By: Erica Taylor, The Tom Joyner Morning Show
Model and designer Madame Emma Ophelia Devore helped establish America's first modeling agency for women of color.
Model and designer Madame Emma Ophelia Devore, the first mixed-race supermodel in America, helped to establish The Grace Del Marco Agency, the first modeling agency for women of color in the United States.
Devore was born in Edgefield, South Carolina to a black Indian mother and German and black father. Her parents traveled often because her father was a road contractor, and her mother was an etiquette teacher and a musician. By age 16, Devore took work as a model, passing as Norwegian on European runways.

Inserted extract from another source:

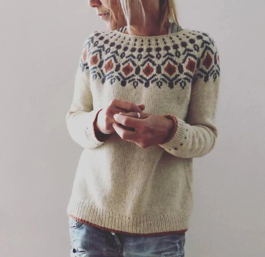 Geef je garderobe een stijlvolle update met deze dames herfstpullover. Het unieke patroon rond de kraag zorgt voor een warme uitstraling die perfect past bij het seizoen. Gemaakt van zachte, hoogwaardige materialen voor een aangenaam draagcomfort op koudere dagen.

After attending NYU, Devore became an expert in mathematics, public relations and fashion. By the 1940s, she had birthed five children with her first husband, Harold Carter. Then in 1946, Devore broke barriers by becoming the first woman of color to integrate the Vogue School of Modeling.
Tired of the few options for black women in fashion, she turned her efforts to building a place that would give people of color an option in the racist fashion world. Through Madame Ophelia’s Grace Del Marco agency, big stars like Diahann Carroll, Helen Williams, Cicely Tyson, Richard Roundtree, Gail Fisher and Susan Taylor found opportunity.
Taking on shows in churches, colleges and hotels like the Waldorf-Astoria, Devore’s agency would thrive as far away as the Parisian fashion scene. Her work was so intense, it caused her to suffer a heart attack while still in her 20s. But determined, she would eventually add publisher of the fashion section in the Pittsburgh Courier, business executive of Devore Carter Communications, and television producer of "The Ophelia Devore Show" to her job descriptions.
Devore was featured in the historic publication “I Dream a World” by Brian Lanker and has received over 200 awards and honors.